Throughout a migration operation, `gh-ost` is either actively copying and applying data, or is _throttling_.
When _throttled_, `gh-ost` ceases to write row data and ceases to inspect binary log entries. It pauses all writes except for the low-volume changelog status writes and the heartbeat writes.
As compared with trigger-based solutions, when `gh-ost` is throttled, the write load on the master is truly removed.
Typically, throttling is based on replication lag or on master load. At such time, you wish to reduce load from master and from replication by pausing the _ghost_ writes. However, with a trigger based solution this is impossible to achieve: the triggers must remain in place and they continue to generate excess writes while the table is being used.
Since `gh-ost` is not based on triggers, but of reading binary logs, it controls its own writes. Each and every write on the master comes from the `gh-ost` app, which means `gh-ost` is able to reduce writes to a bare minimum when it wishes so.
`gh-ost` supports various means for controlling throttling behavior; it is operations friendly in that it allows the user greater, dynamic control of throttler behavior.
### Throttling parameters and factors
Throttling is controlled via the following explicit and implicit factors:
#### Replication-lag
The recommended way of running `gh-ost` is by connecting it to a replica. It will figure out the master by traversing the topology. It is by design that `gh-ost` is throttle aware: it generates its own _heartbeat_ mechanism; while it is running the migration, it is self-checking the replica to which it is connected for replication lag.
Otherwise you may specify your own list of replica servers you wish it to observe.
-`--throttle-control-replicas`: list of replicas you explicitly wish `gh-ost` to check for replication lag.
-`--max-lag-millis`: maximum allowed lag; any controlled replica lagging more than this value will cause throttling to kick in. When all control replicas have smaller lag than indicated, operation resumes.
-`--replication-lag-query`: `gh-ost` will, by default, issue a `show slave status` query to find replication lag. However, this is a notoriously flaky value. If you're using your own `heartbeat` mechanism, e.g. via [`pt-heartbeat`](https://www.percona.com/doc/percona-toolkit/2.2/pt-heartbeat.html), you may provide your own custom query to return a single `int` value indicating replication lag.

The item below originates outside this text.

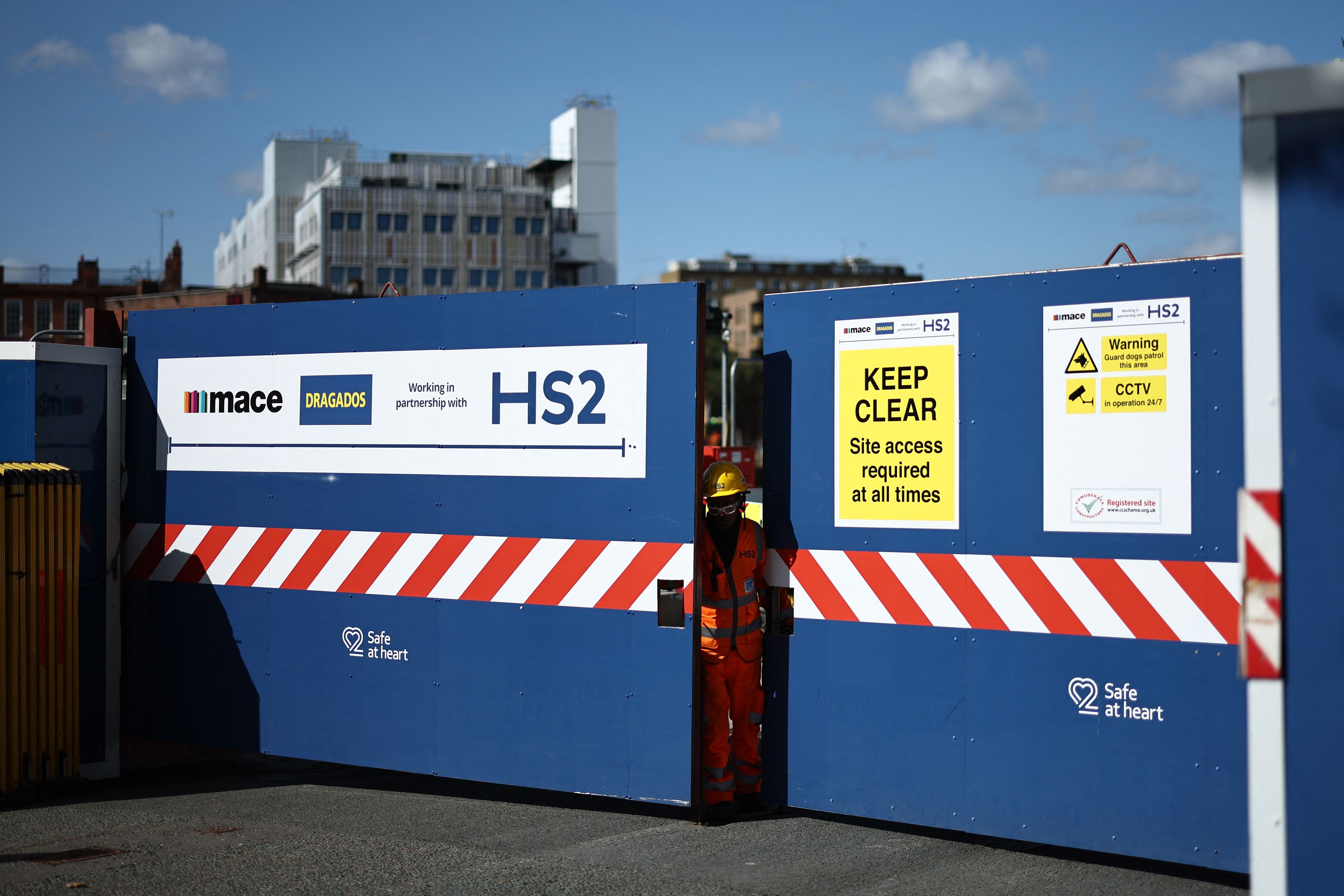 9月29日,位于伦敦市中心的HS2高速2号铁路项目尤斯顿站建设工地。摄影师:亨利·尼科尔斯/法新社/盖蒂图片社相反,苏纳克揭示了一个“新尤斯顿发展区”,暗示该地区的重建现在将由私营部门资助。

Example: `--replication-lag-query="SELECT ROUND(NOW() - MAX(UNIX_TIMESTAMP(ts))) AS lag FROM mydb.heartbeat"`
- When provided, the `--throttle-query` is expected to return a scalar integer. A return value `> 0` implies `gh-ost` should throttle. A return value `<= 0` implied `gh-ost` is free to proceed (pending other throttling factors).

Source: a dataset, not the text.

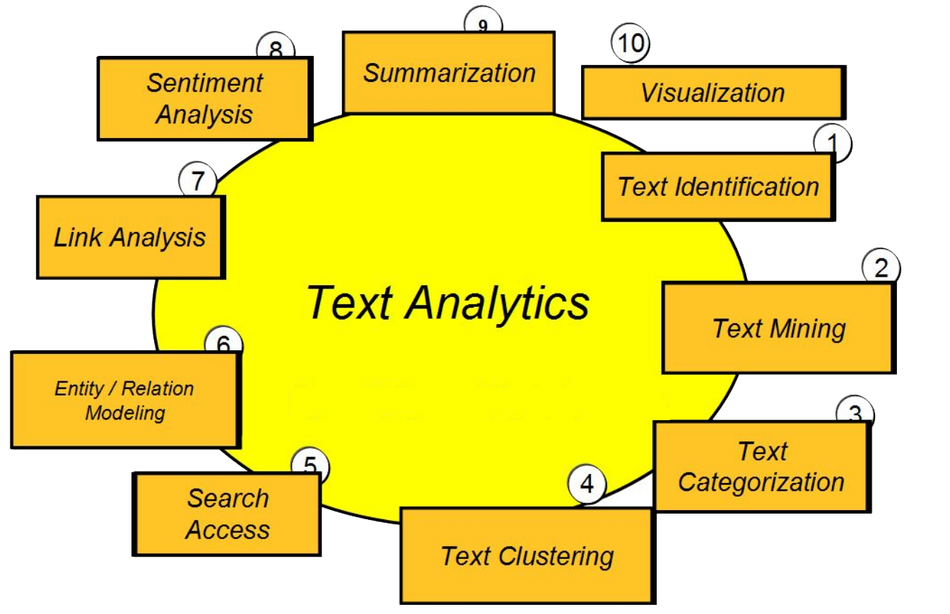 While ‘Text Analytics’ is a more generic term, more specific terms that are current in computer science and linguistics are ‘Natural Language Processing’ and ‘Text Mining’. NLP or Natural Languages Processing is the umbrella term for the processing, exploration and analysis of data using computational linguistic tools and approaches. ‘Text mining’ is the process of converting unstructured or semi-structured oral and written data into structured data for exploration, analysis, and interpretation. Other methodologies involve statistical tools and machine learning. The scheme below illustrates the variety of focuses when applying computational methods to text.

An example query could be: `--throttle-query="select hour(now()) between 8 and 17"` which implies throttling auto-starts `8:00am` and migration auto-resumes at `18:00pm`.
In addition to the above, you are able to take control and throttle the operation any time you like.
-`--throttle-flag-file`: when this file exists, throttling kicks in. Just `touch` the file to begin throttling.
-`--throttle-additional-flag-file`: similar to the above. When this file exists, throttling kicks in.
Default: `/tmp/gh-ost.throttle`
The reason for having two files has to do with the intent of being able to run multiple migrations concurrently.
The setup we wish to use is that each migration would have its own, specific `throttle-flag-file`, but all would use the same `throttle-additional-flag-file`. Thus, we are able to throttle specific migrations by touching their specific files, or we are able to throttle all migrations at once, by touching the shared file.
-`throttle` command via [interactive interface](interactive-commands.md).
Any single factor in the above that suggests the migration should throttle - causes throttling. That is, once some component decides to throttle, you cannot override it; you cannot force continued execution of the migration.
`gh-ost` will first check the low hanging fruits: user commanded; throttling files. It will then proceed to check replication lag, then status thesholds, and lastly it will check the throttle-query.
Throttling time is limited by the availability of the binary logs. When throttling begins, `gh-ost` suspends reading the binary logs, and expects to resume reading from same binary log where it paused.
Your availability of binary logs is typically determined by the [expire_logs_days](dev.mysql.com/doc/refman/5.6/en/server-system-variables.html#sysvar_expire_logs_days) variable. If you have `expire_logs_days = 10` (or check `select @@global.expire_logs_days`), then you should be able to throttle for up to `10` days.
Having said that, throttling for so long is far fetching, in that the `gh-ost` process itself must be kept alive during that time; and the amount of binary logs to process once it resumes will potentially take days to replay.
It is worth mentioning that some deployments have external scheduled scripts that purge binary logs, regardless of the `expire_logs_days` configuration. Please verify your own deployment configuration.
To clarify, you only need to keep binary logs on the single server `gh-ost` connects to.